Endometrial biopsy-induced gene modulation: first evidence for the expression of bladder-transmembranal uroplakin Ib in human endometrium

Abstract

Objective: To explore the possibility that endometrial injury modulates the expression of specific genes that may increase uterine receptivity.

Design: Controlled clinical study.

Setting: Clinical IVF unit and academic research center.

Patient(s): IVF patients with 28- to 30-day menstrual cycles.

Intervention(s): Endometrial biopsies from two groups of patients were collected on days 20-21 of their spontaneous menstrual cycle. The experimental, but not the control, group underwent biopsies on days 11-13 and 21-24 of their preceding cycle.

Main outcome measure(s): Global endometrial gene expression and specific analysis of uroplakin Ib (UPIb) mRNA level throughout the menstrual cycle.

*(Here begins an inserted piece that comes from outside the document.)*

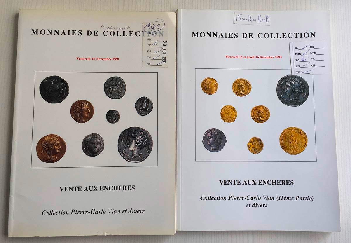 Poindessault B. Vedrines J. 2 Cataloghi. Monnaies de Collection. I Catalogo Collection Pierre-Carlo Vian et Divers. Paris 15 Novembre 1991. Brossura ed. lotti 887, ill. in b/n, tavv. 30 in b/n. 2 Catalogo Monnaie de Collection. Collection Pierre-Carlo Vian ( II Partie ) et Divers. Paris 15-16 decembre 1993. Brossura ed. lotti 613, tavv. 27 in b/n. Ottimo stato.

Result(s): Local injury modulated the expression of a wide variety of genes. One of the prominently up-regulated genes was the bladder transmembranal protein, UPIb, whose expression by the endometrium is shown here for the first time. Endometrial UPIb mRNA increases after biopsy in the same cycle wct 2with an additional elevation in the following cycle. Immunohistochemical analysis localized the UPIb protein to the glandular-epithelial cells. Genes encoding other membrane proteins such as adipose differentiation-related protein and mucin 1, transmembrane, were also up-regulated.

Conclusion(s): The biopsy-induced increase in the expression of UPIb and other genes encoding membrane proteins supports the possible importance of the membrane structure and stability during implantation. The specific role of UPIb in uterine receptivity should be elucidated.